PEACH: A sentence-aligned Parallel English-Arabic Corpus for Healthcare
Rania Al-Sabbagh

TL;DR
PEACH is a high-quality, sentence-aligned English-Arabic healthcare corpus designed to support translation, NLP research, and educational applications, containing over 51,000 sentence pairs and available for public use.
Contribution
It introduces PEACH, a manually aligned, domain-specific parallel corpus for English-Arabic healthcare texts, filling a gap in resources for translation and NLP research.
Findings
Contains 51,671 sentence pairs with high alignment quality
Enables development of domain-specific machine translation models
Supports research in contrastive linguistics and readability assessment
Abstract
This paper introduces PEACH, a sentence-aligned parallel English-Arabic corpus of healthcare texts encompassing patient information leaflets and educational materials.
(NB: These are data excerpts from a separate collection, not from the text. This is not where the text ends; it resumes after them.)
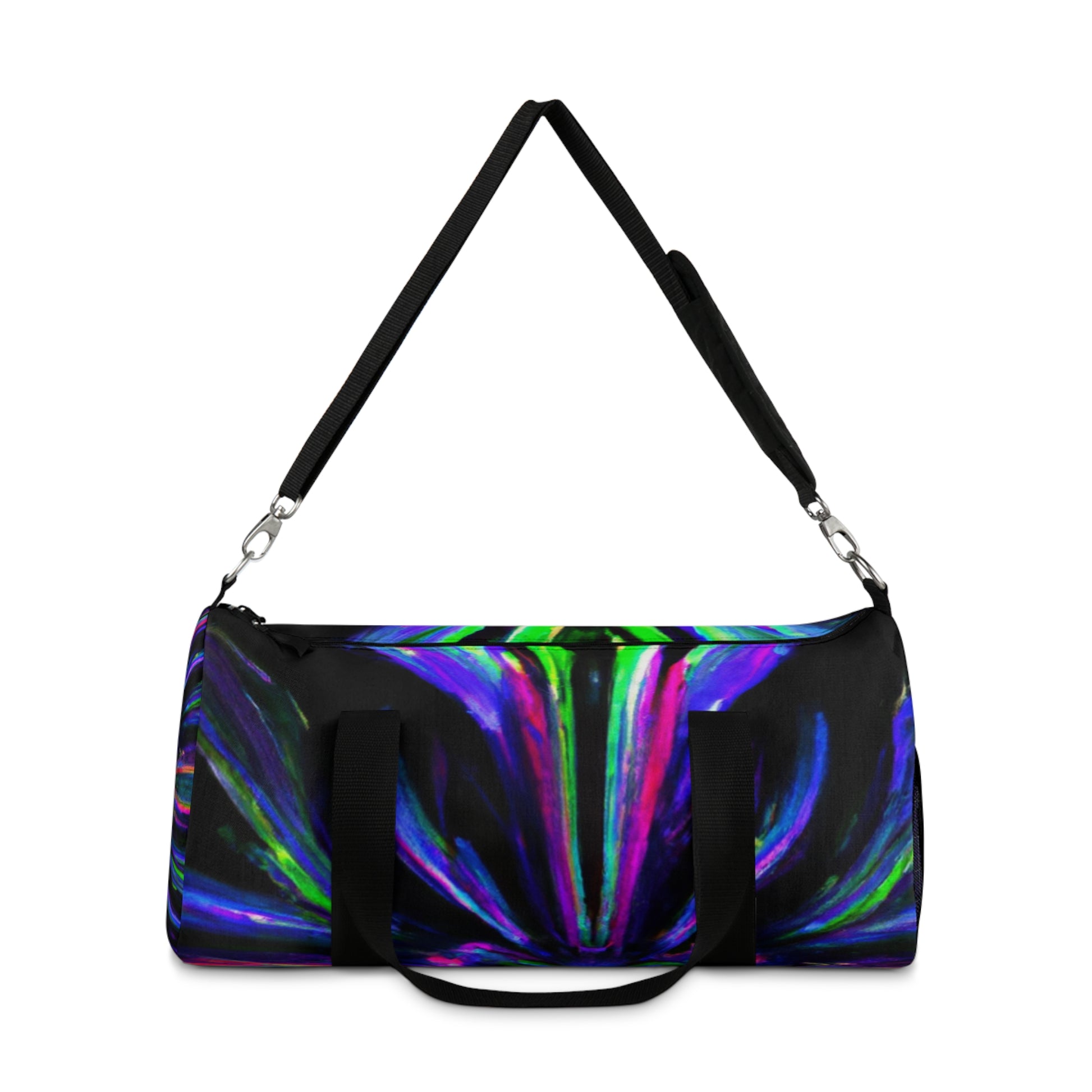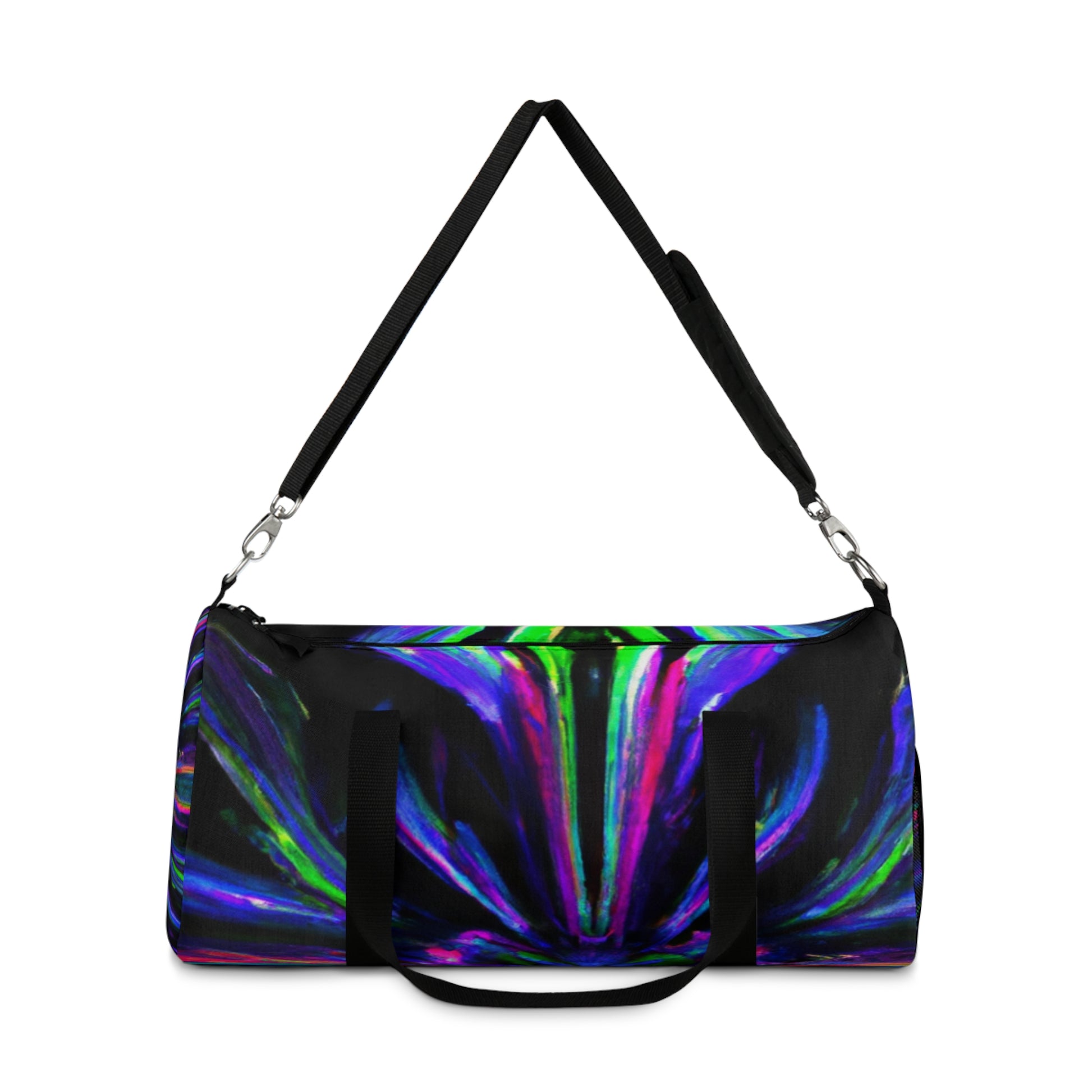 This unique, multicolored dufflebag is perfect for hitting the gym, or hitting the town. The vibrant colors and abstract, digital art designs featuring stars, kaleidoscope, 3D lines, and trippy details give it bold style sure to stand out. Its spacious size and convenient strap make it perfect for storing all your essentials while on the go. #dufflebag #bag #style #art #fashion #vibrant #trippy #kaleidoscope #stars #3D #digital #lines #unique #gym #essentials #abstract #travel #convenient #multicolored #vivid #standout #sporty #bold #design #expression #trendy #functional #graphic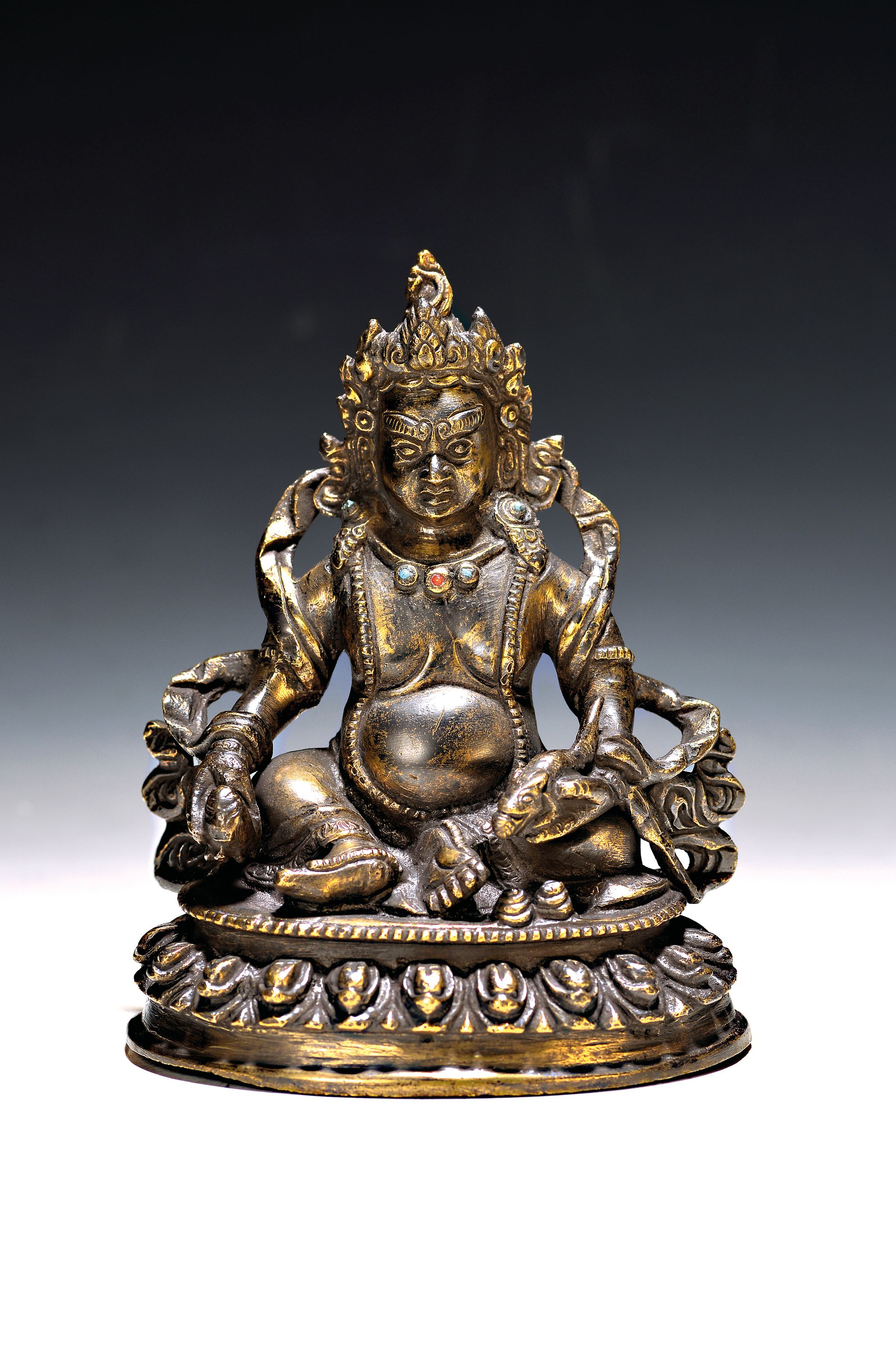 Bronzefigur, Mahakala, Mongolei, mit roten und blauen Glassteinen, H. ca. 15 cm,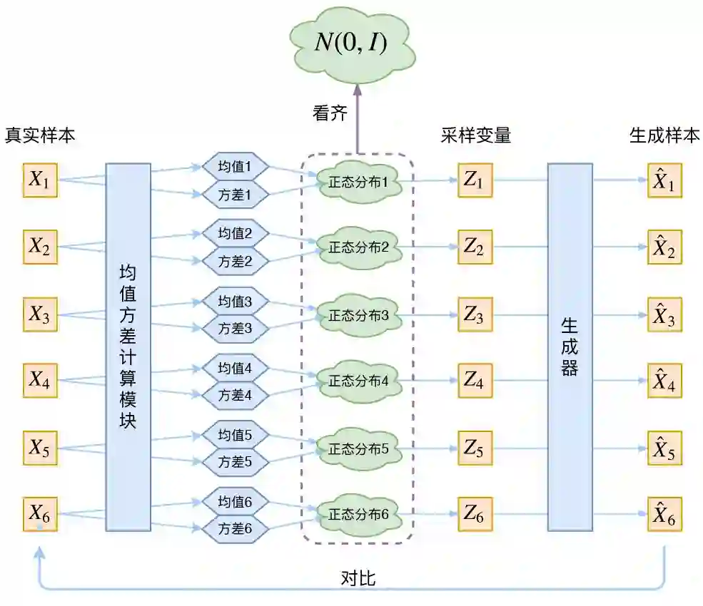 再次强调,这时候每一个 Xk 都配上了一个专属的正态分布,才方便后面的生成器做还原。但这样有多少个 X 就有多少个正态分布了。我们知道正态分布有两组参数:均值 μ 和方差 σ^2(多元的话,它们都是向量)。

The corpus contains 51,671 parallel sentences, totaling approximately 590,517 English and 567,707 Arabic word tokens. Sentence lengths vary between 9.52 and 11.83 words on average. As a manually aligned corpus, PEACH is a gold-standard corpus, aiding researchers in contrastive linguistics, translation studies, and natural language processing. It can be used to derive bilingual lexicons, adapt large language models for domain-specific machine translation, evaluate user perceptions of machine translation in healthcare, assess patient information leaflets and educational materials' readability and lay-friendliness, and as an educational resource in translation studies. PEACH is publicly accessible.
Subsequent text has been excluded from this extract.